Records from a data collection
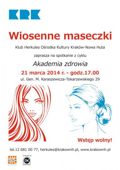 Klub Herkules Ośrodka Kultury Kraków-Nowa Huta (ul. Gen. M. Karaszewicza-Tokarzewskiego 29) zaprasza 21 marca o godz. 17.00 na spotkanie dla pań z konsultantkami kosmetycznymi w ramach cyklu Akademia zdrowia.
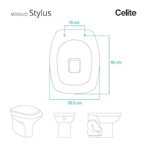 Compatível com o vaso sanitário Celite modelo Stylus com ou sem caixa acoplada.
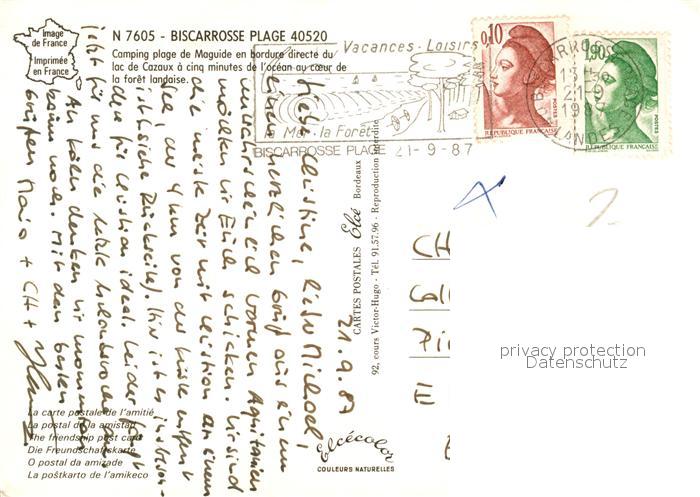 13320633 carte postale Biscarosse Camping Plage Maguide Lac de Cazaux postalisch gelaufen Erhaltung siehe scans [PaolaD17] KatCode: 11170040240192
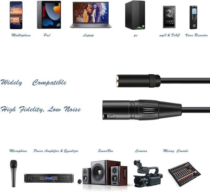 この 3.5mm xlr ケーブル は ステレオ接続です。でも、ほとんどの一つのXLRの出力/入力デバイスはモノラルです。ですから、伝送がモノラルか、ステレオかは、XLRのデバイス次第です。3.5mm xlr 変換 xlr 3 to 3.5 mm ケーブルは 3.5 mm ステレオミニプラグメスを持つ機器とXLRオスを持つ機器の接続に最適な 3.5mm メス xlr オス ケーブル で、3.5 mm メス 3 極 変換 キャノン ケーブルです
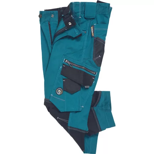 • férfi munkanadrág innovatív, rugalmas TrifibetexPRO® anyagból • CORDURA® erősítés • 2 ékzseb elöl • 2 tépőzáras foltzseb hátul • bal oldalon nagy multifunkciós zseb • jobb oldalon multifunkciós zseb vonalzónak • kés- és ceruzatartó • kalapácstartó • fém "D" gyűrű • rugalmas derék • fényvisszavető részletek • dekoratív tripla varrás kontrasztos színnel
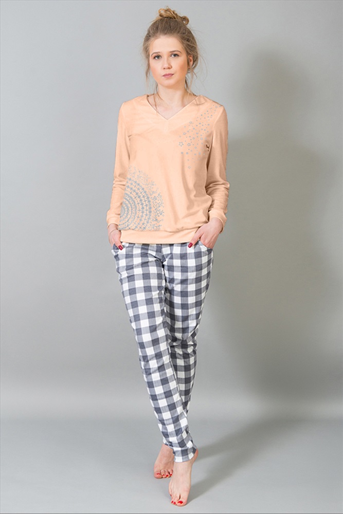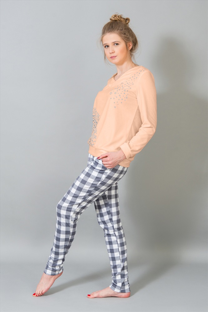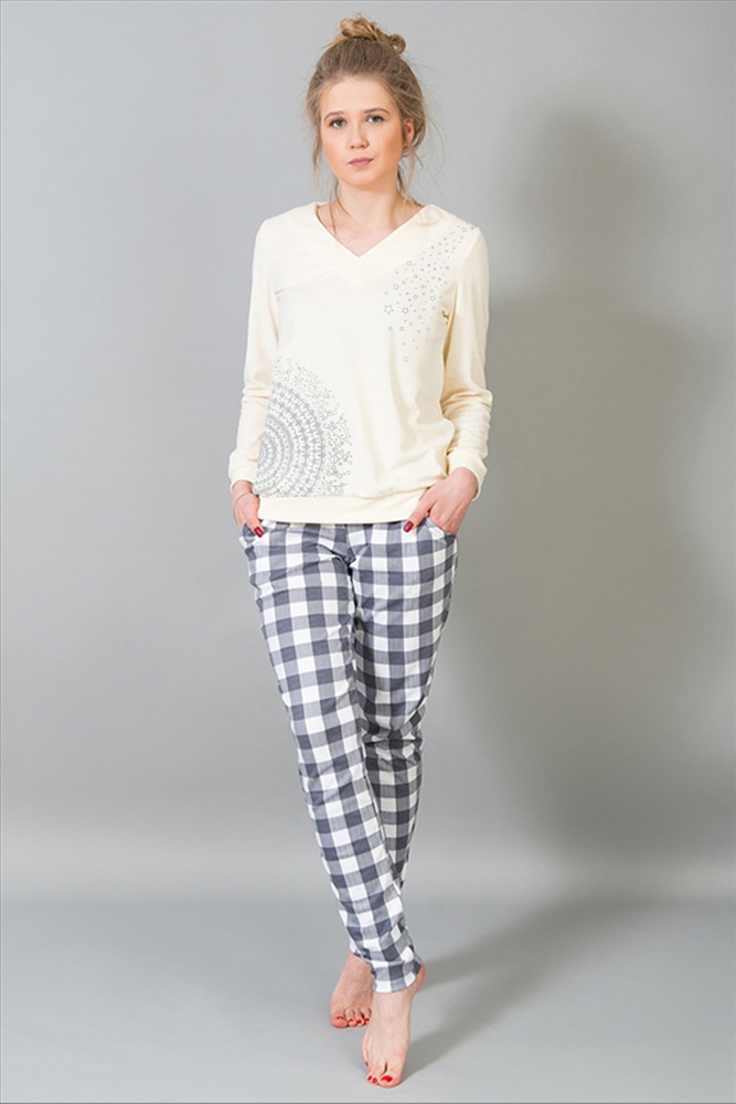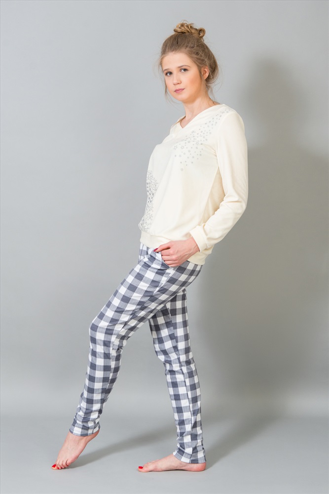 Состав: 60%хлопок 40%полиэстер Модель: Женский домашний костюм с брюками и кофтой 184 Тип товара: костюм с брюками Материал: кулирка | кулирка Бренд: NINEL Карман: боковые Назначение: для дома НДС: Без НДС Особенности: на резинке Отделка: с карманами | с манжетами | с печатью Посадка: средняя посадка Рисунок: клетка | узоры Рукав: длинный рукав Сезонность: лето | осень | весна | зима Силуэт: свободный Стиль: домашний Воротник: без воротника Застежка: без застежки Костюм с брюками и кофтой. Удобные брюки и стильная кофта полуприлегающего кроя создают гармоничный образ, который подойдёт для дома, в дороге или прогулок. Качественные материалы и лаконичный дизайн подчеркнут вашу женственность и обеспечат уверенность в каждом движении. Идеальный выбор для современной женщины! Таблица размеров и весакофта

TASK OBJECTIVE → Pictures excluded, set down all the entries exactly.

RESULT FOR THIS EXERCISE →
 Klub Herkules Ośrodka Kultury Kraków-Nowa Huta (ul. Gen. M. Karaszewicza-Tokarzewskiego 29) zaprasza 21 marca o godz. 17.00 na spotkanie dla pań z konsultantkami kosmetycznymi w ramach cyklu Akademia zdrowia.
 Compatível com o vaso sanitário Celite modelo Stylus com ou sem caixa acoplada.
 13320633 carte postale Biscarosse Camping Plage Maguide Lac de Cazaux postalisch gelaufen Erhaltung siehe scans [PaolaD17] KatCode: 11170040240192
 この 3.5mm xlr ケーブル は ステレオ接続です。でも、ほとんどの一つのXLRの出力/入力デバイスはモノラルです。ですから、伝送がモノラルか、ステレオかは、XLRのデバイス次第です。3.5mm xlr 変換 xlr 3 to 3.5 mm ケーブルは 3.5 mm ステレオミニプラグメスを持つ機器とXLRオスを持つ機器の接続に最適な 3.5mm メス xlr オス ケーブル で、3.5 mm メス 3 極 変換 キャノン ケーブルです
 • férfi munkanadrág innovatív, rugalmas TrifibetexPRO® anyagból • CORDURA® erősítés • 2 ékzseb elöl • 2 tépőzáras foltzseb hátul • bal oldalon nagy multifunkciós zseb • jobb oldalon multifunkciós zseb vonalzónak • kés- és ceruzatartó • kalapácstartó • fém "D" gyűrű • rugalmas derék • fényvisszavető részletek • dekoratív tripla varrás kontrasztos színnel
 Состав: 60%хлопок 40%полиэстер Модель: Женский домашний костюм с брюками и кофтой 184 Тип товара: костюм с брюками Материал: кулирка | кулирка Бренд: NINEL Карман: боковые Назначение: для дома НДС: Без НДС Особенности: на резинке Отделка: с карманами | с манжетами | с печатью Посадка: средняя посадка Рисунок: клетка | узоры Рукав: длинный рукав Сезонность: лето | осень | весна | зима Силуэт: свободный Стиль: домашний Воротник: без воротника Застежка: без застежки Костюм с брюками и кофтой. Удобные брюки и стильная кофта полуприлегающего кроя создают гармоничный образ, который подойдёт для дома, в дороге или прогулок. Качественные материалы и лаконичный дизайн подчеркнут вашу женственность и обеспечат уверенность в каждом движении. Идеальный выбор для современной женщины! Таблица размеров и весакофта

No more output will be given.